(Data records)
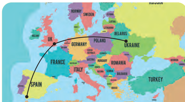
Kyiv is 1,500 miles (2,414km) from London, about the same distance from the UK to the south of Spain, so it's really far away

Getting reliable news is limited in Russia, as the government runs much of the media and has closed down many independent news organisations. But even this hasn't stopped many people in Russia from protesting against the war. Protests have taken place in more than 50 Russian cities and towns, with police arresting hundreds of protesters.
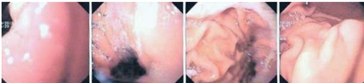
Fig. 2: Upper endoscopy of the patient demonstrating no apparent abnormality.
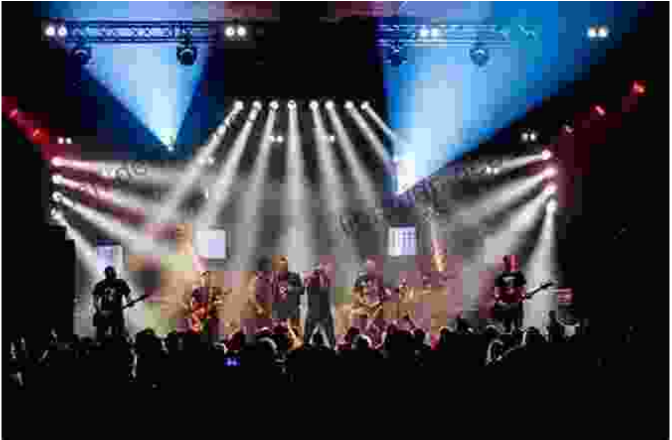
Image Description: A photograph of an ensemble performing on stage. The musicians are dressed in colorful and expressive attire, and they are playing their instruments with passion and creativity. The audience is engaged and attentive, and the atmosphere is filled with energy and excitement.
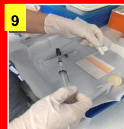
9 Prepare Critical Aseptic Field using NTT to protect key-parts where practical

WHAT YOU SHOULD DO:
Where the line containing "Fig. 2: Upper" appears, begin copying there and continue exactly through the final line of the records; both end lines belong in the copy, pictures do not.

TASK OUTPUT:
Fig. 2: Upper endoscopy of the patient demonstrating no apparent abnormality.
Image Description: A photograph of an ensemble performing on stage. The musicians are dressed in colorful and expressive attire, and they are playing their instruments with passion and creativity. The audience is engaged and attentive, and the atmosphere is filled with energy and excitement.
9 Prepare Critical Aseptic Field using NTT to protect key-parts where practical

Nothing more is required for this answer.